Let $x^4+x+1 \in \mathbb{Z}_2 [x]$ which is irreducible. Let $\alpha $ be a root of this polynomial and let $F=\mathbb{Z}_2(\alpha )$.
Let $g= x^2+(\alpha ^3 + \alpha )x+(\alpha^3 +\alpha^2+\alpha) \in F[x]$.
I am asked to find the roots of $g$ in $F$ But how do I do this. I know that $F$ is a field of 16 elements so I could just check all of them but it doesn’t seem in the spirit of the question. Are there any techniques for this?
On
Hint
Let $\ x=a_3\alpha^3+a_2\alpha^2+a_1\alpha+a_0\ $, where $\ a_i\in\mathbb{Z}_2\ $. Substituting this value of $\ x\ $ into the equation $\ g(x)=0\ $ and equating coefficients of $\ \alpha^0,\alpha,\alpha^2\ $ and $\ \alpha^3\ $ will give you four linear equations in the four unknowns $\ a_0,a_1,a_2\ $ and $\ a_3\ $. I haven't actually done this myself, but I'm guessing that the coefficient matrix of these linear equations will have rank $\ 3\ $, thus giving you two solutions.
A trick that can be used here is to use the fact that the polynomial $$L(x):=x^2+(\alpha^3+\alpha)x$$ has the property $$L(x+y)=L(x)+L(y)$$ for all $x,y\in F$. This is because in characteristic two fields we have the rule $(x+y)^2=x^2+y^2$.
So $L(x)$ is a linear transformation (over the prime field $\Bbb{Z}_2$). We can use tools from linear algebra. Let's check what $L$ does to the basis elements: $$ \begin{aligned} L(1)&=\alpha^3+\alpha+1,\\ L(\alpha)&=\alpha^4=\alpha+1,\\ L(\alpha^2)&=\alpha^5+\alpha^4+\alpha^3=\alpha^3+\alpha^2+1,\\ L(\alpha^3)&=\alpha^4=\alpha+1. \end{aligned}. $$ We pretty much see right away that $$L(\alpha+\alpha^2)=L(\alpha^2)+L(\alpha)=\alpha^3+\alpha^2+\alpha$$ (we could also do this with linear algebra and coordinates as was implied in Lonza Leggiera's answer, +1) giving us one root $x_1=\alpha^2+\alpha$.

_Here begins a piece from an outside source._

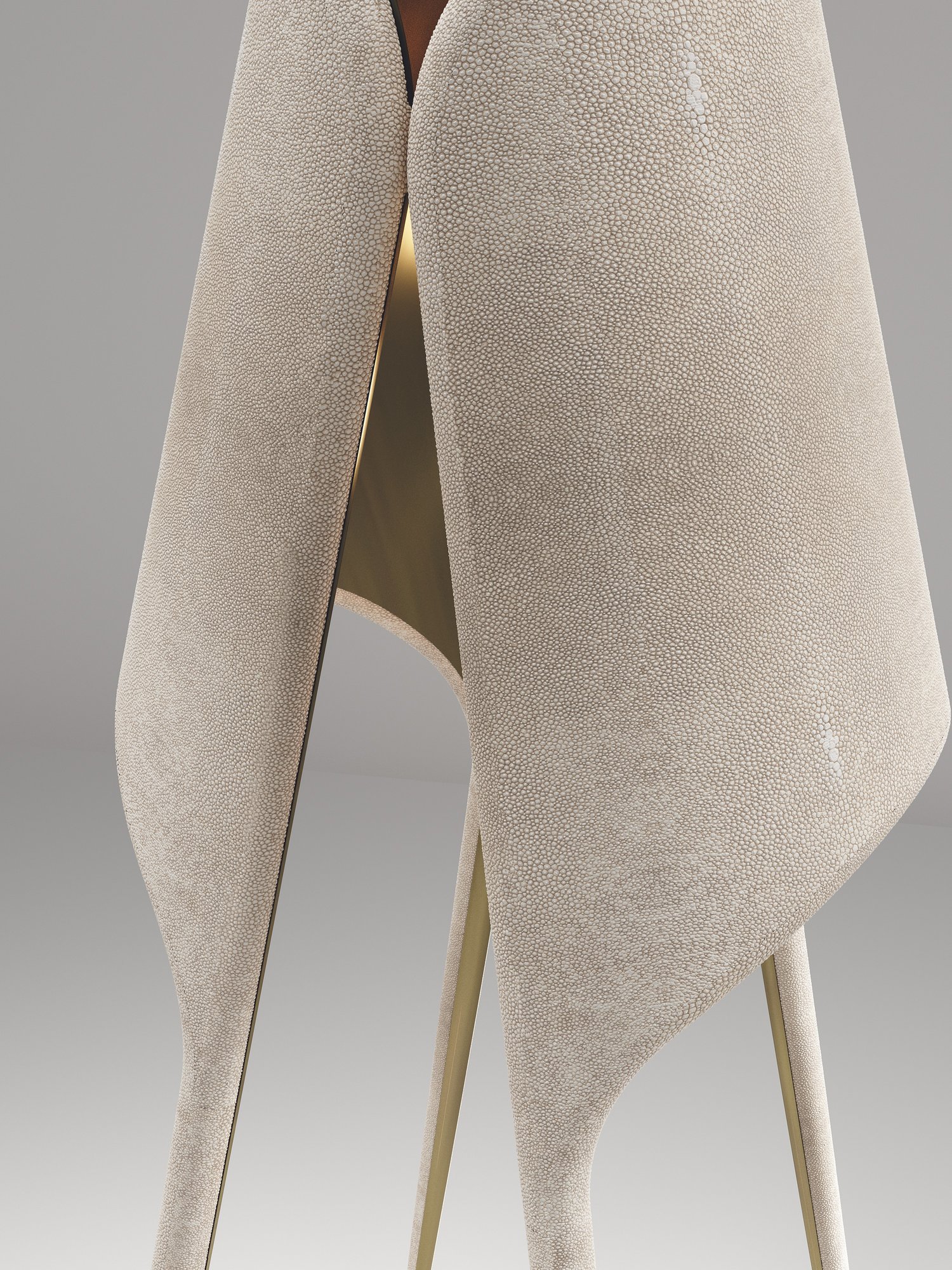 The piece is inlaid in a mixture of cream shagreen and bronze patina brass.
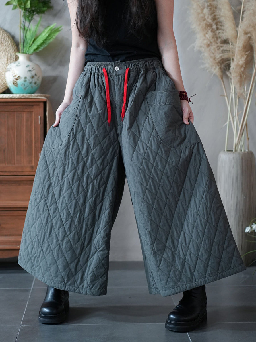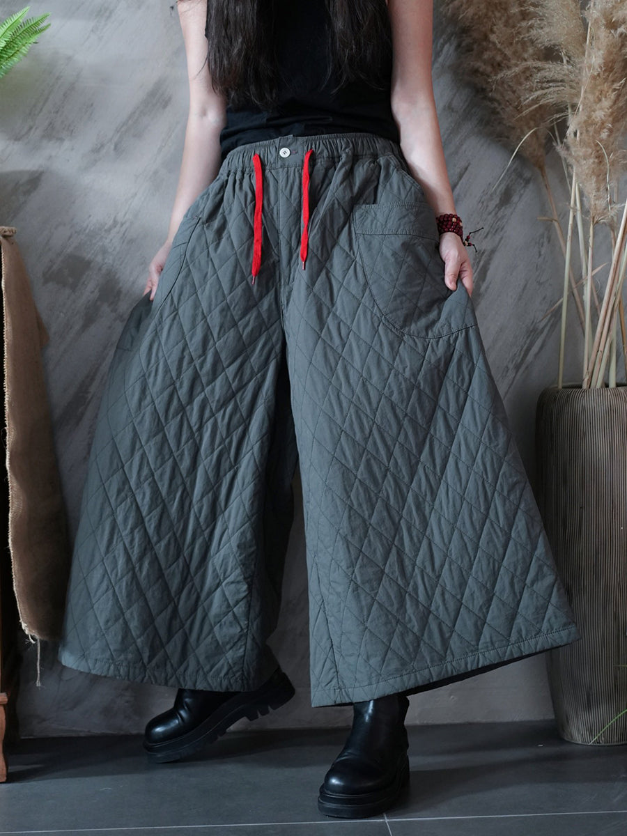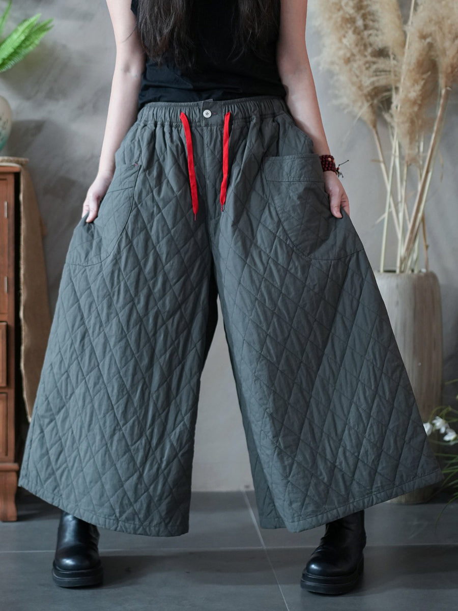 女士冬季藝術純色絎縫闊腿褲

Obviously $L(\alpha^3+\alpha)=(\alpha^3+\alpha)^2+(\alpha^3+\alpha)^2=0$. Because $L$ is a quadratic, it can have at most two zeros, so the kernel of $L$ is 1-dimensional, spanned by $\alpha^3+\alpha$.
This means that the other solution is $$ x_2=x_1+(\alpha^3+\alpha)=\alpha^3+\alpha^2. $$